Через день мы выехали в Брюссель — там была явка. Поставили сигнал о прибытии. На явку, однако, никто не выходил. Близилась осень, шли дожди, сто­яли туманы. В городе висел смог. Было тревожно на душе. В чем там дело? Почему никто не приходит? Ведь мы уже давно по плану должны были быть на намеченном в Центре маршруте. Часами мы бродили по паркам города, вечерним улицам. В центральной части города в нижних этажах домов работали кафе, закусочные, ресторанчики. Уличный деликатес— жа­реный картофель соломкой с маринованным крошеч­ным огурцом в бумажном кульке. Дешево и сердито, а главное, необычайно вкусно. За огромной стеклянной витриной размещается целый комбайн по приготовле­нию этого незатейливого блюда. Над всем этим сноро­висто колдуют три парня в белоснежных высоких кол­паках. Один засыпает в бункер при помощи подъем­ного механизма сразу пару мешков картофеля. Пройдя через чрево автомата, картофель с другого конца ма­шины выходит уже в виде румяной поджаренной со­ломки; второй парень быстро накладывает соломку специальной вилкой с захватом в бумажный пакет и кидает сверху два огурчика «пикли», третий парень быстро подает готовую продукцию через окошко оче­редному покупателю и рассчитывается с ним. Работа спорится. Очередь постоянная, но не более 3—5 чело­век. Ребята работают быстро. Аромат жареного карто­феля, разносящийся на несколько кварталов окрест, привлекает все новых посетителей, среди которых и со­всем молодые парочки, и пожилые люди.

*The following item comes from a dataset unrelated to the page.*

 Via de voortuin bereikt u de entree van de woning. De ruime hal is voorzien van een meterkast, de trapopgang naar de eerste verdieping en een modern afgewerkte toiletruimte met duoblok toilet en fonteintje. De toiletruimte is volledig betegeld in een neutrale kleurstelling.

— Вот видишь,— сказал я «Весте»,— смотри, ка­кой бизнес и как здорово они управляются. Может, и мы начнем когда-нибудь что-то вроде этого, а?

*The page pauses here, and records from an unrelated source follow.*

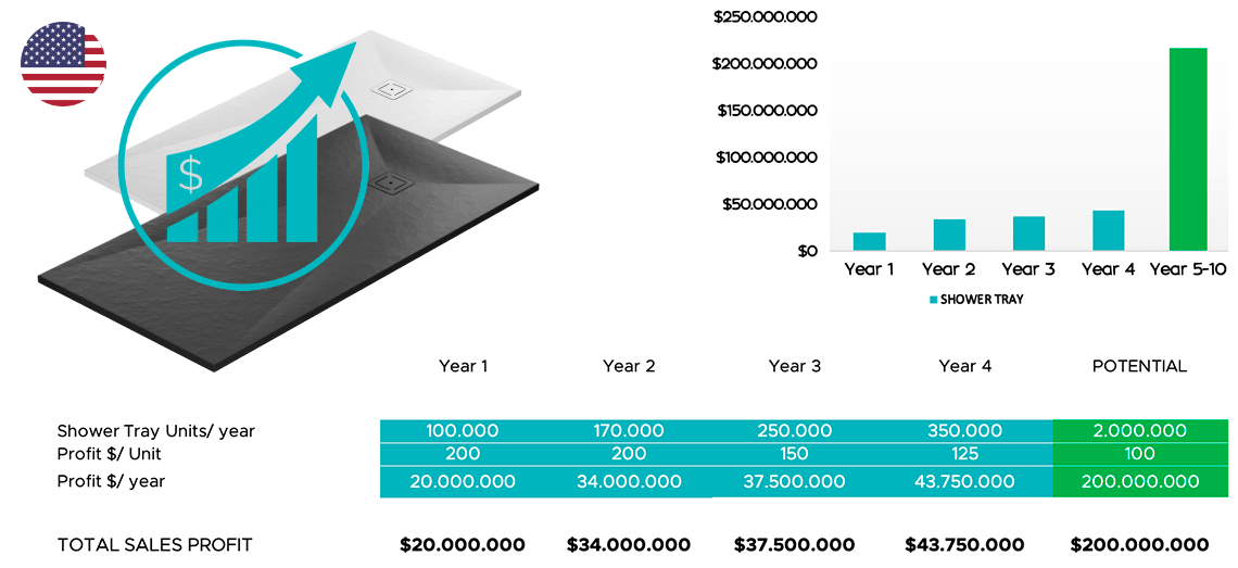 The bathroom sector, together with new composite products, has grown exponentially in Europe over the last 15 years. In particular, the resin shower tray has been introduced in 8 out of 10 European homes, consolidating its position as the most demanded product in the European bathroom sector. At present, it is being introduced in the USA in a very favorable way and it is expected that its growth and implementation will surpass the European market. The most important companies in the bathroom sector are already establishing themselves in the U.S. in order to take advantage of this business opportunity.
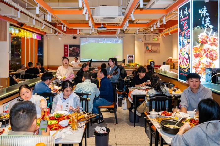 核心观赛区设在烧烤店外围,巨大的屏幕正对着露天座位区,食客们一边品尝美食,一边盯着比分变化;主力观赛点分布在七欣天广场、东广场,大屏同步直播,周围的台阶、空地,甚至临街商铺的门口都有可以驻足观球的地方,而沿街的商铺但凡有屏幕的地方,无一例外都在播放着同一场比赛。
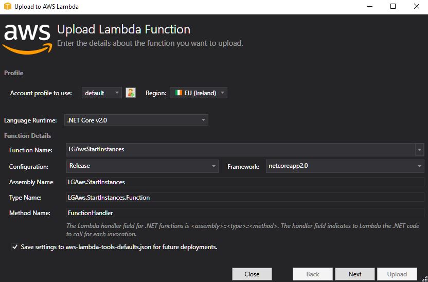 I had to close and reopen Visual Studio at this point to get the .NET Core Lambda templates to do their magic trick and appear. Navigate to File > New Project > Visual C# > AWS Lambda and you should be presented with an ‘AWS Lambda Project (.NET Core)’ option. I’m going to create a project called ‘LGAws.StartInstances’, wrapping everything in a solution for good measure. Once the solution is loaded I then opted to create a second Lambda project called ‘LGAws.StopInstances’. In both cases, I used the ‘Empty function’ blueprint as I want to roll with this fully from scratch.

Незаметно сворачиваем в узкую, кривую улочку, освещенную только светом, падающим из окон первых этажей двух- и трехэтажных домов. Каждое окно пред­ставляет собой своеобразную витрину, в которой на темно-красном, черном либо темно-зеленом фоне си­дит красивая холеная девица в глубоко декольтирован­ном вечернем платье, освещенная скрытым источни­ком света. На шее у девиц поблескивают украшения. С загадочной улыбкой они разглядывают многочис­ленных прохожих. Вдоль тротуара мощенной булыж­ником улицы медленно движутся автомобили. Вот у одной из дверей тормозит маленький «фиат», из которого выходит молодой брюнет, почти мальчишка. Вслед ему, выглядывая из машины, хихикает его при­ятель. Брюнет с видом завсегдатая подошел к двери и нажал на звонок. Растерянно оглядывается на при­ятеля. Девица в окне тотчас исчезла, и ее место заняла другая, пышнотелая блондинка с ожерельем на шее и золотыми браслетами на запястьях. Дверь бесшумно распахнулась и сразу же захлопнулась, впустив моло­дого человека. То у одной двери, то у другой притор­маживают машины, и мужчины разного возраста то и дело исчезают за дверями. Некоторые из окон пусту­ют, что означает, что девушки заняты. Нам было ясно, что эти холеные красавицы — представительницы древнейшей профессии.